I tried to prove forall PQ R: Prop, P -> Q -> (P -> Q -> R) -> R . My proof is the following.

Goal forall P Q R : Prop, P -> Q -> (P -> Q -> R) -> R.
Proof.
  intros P Q R H1 H2 H3.
  apply H3 in H1.
  exact H1.
  exact H2.
Qed.

When apply H3 in H1, two goals will appear. However, I want to obtain R more directly like apply H3 in H1 and H2 . But I couldn't find such a way. How do I achieve this?

I already know that the following is also fine. But this is not what I want. I don't want to increase goals.

Goal forall P Q R : Prop, P -> Q -> (P -> Q -> R) -> R.
Proof.
  intros P Q R H1 H2 H3.
  apply H3.
  exact H1.
  exact H2.
Qed.

Answer 1

You can apply H1 and H2 to H3 yourself directly, without using the apply tactic.

Your H3 is of type P -> Q -> R (a function that takes proofs of P and Q and returns a proof of R ). So, the expression H3 H1 H2 has type R .
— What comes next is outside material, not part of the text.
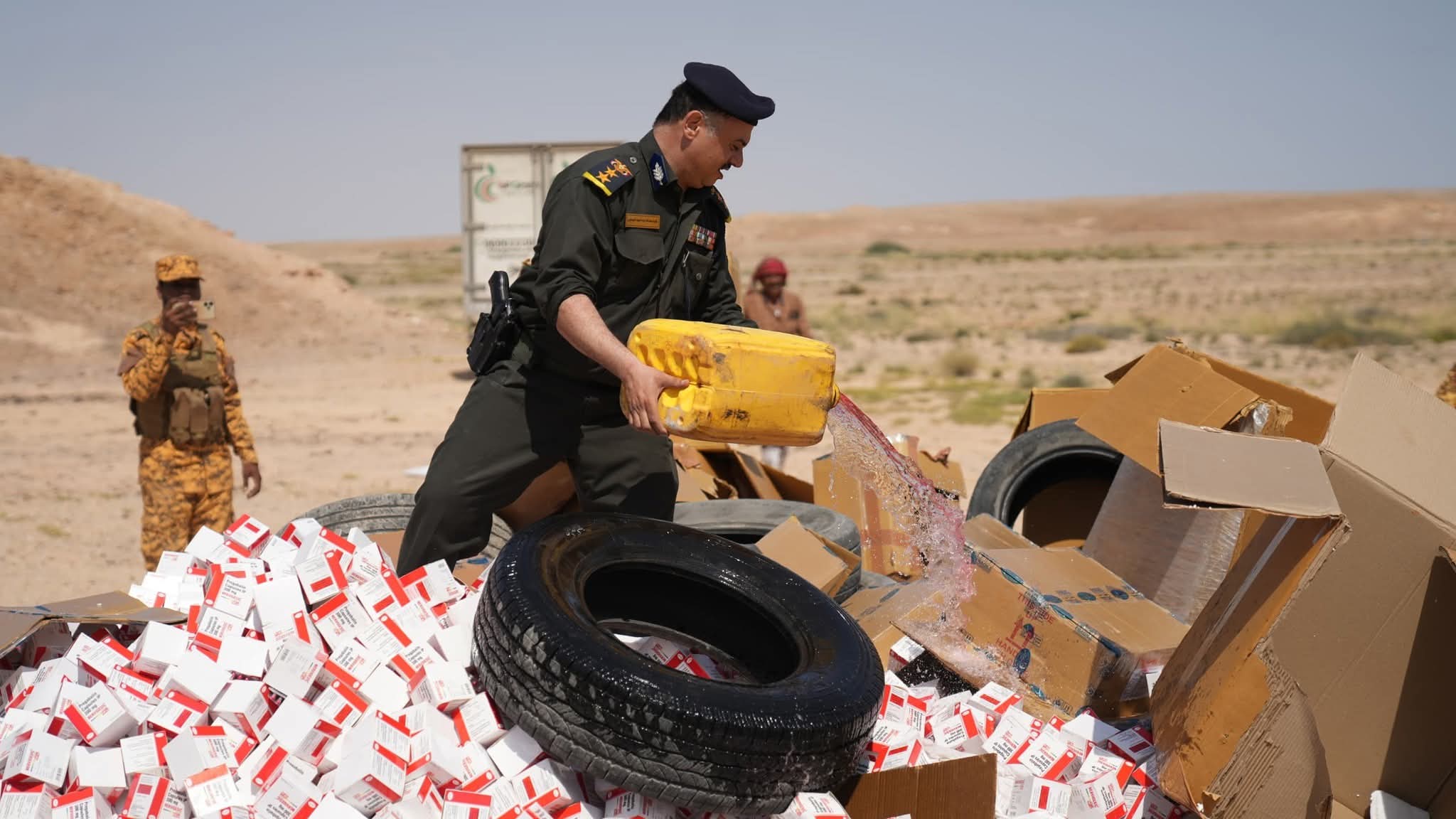 إتلاف كميات من الأدوية المهربة والممنوعات في المهرة

With this you can simplify your proof to the following:

Goal forall P Q R : Prop, P -> Q -> (P -> Q -> R) -> R.
Proof.
  intros P Q R H1 H2 H3.
  apply (H3 H1 H2).
Qed.

In fact, your proof is exactly the same as the one above because all the apply tactic does is applying a function to an argument.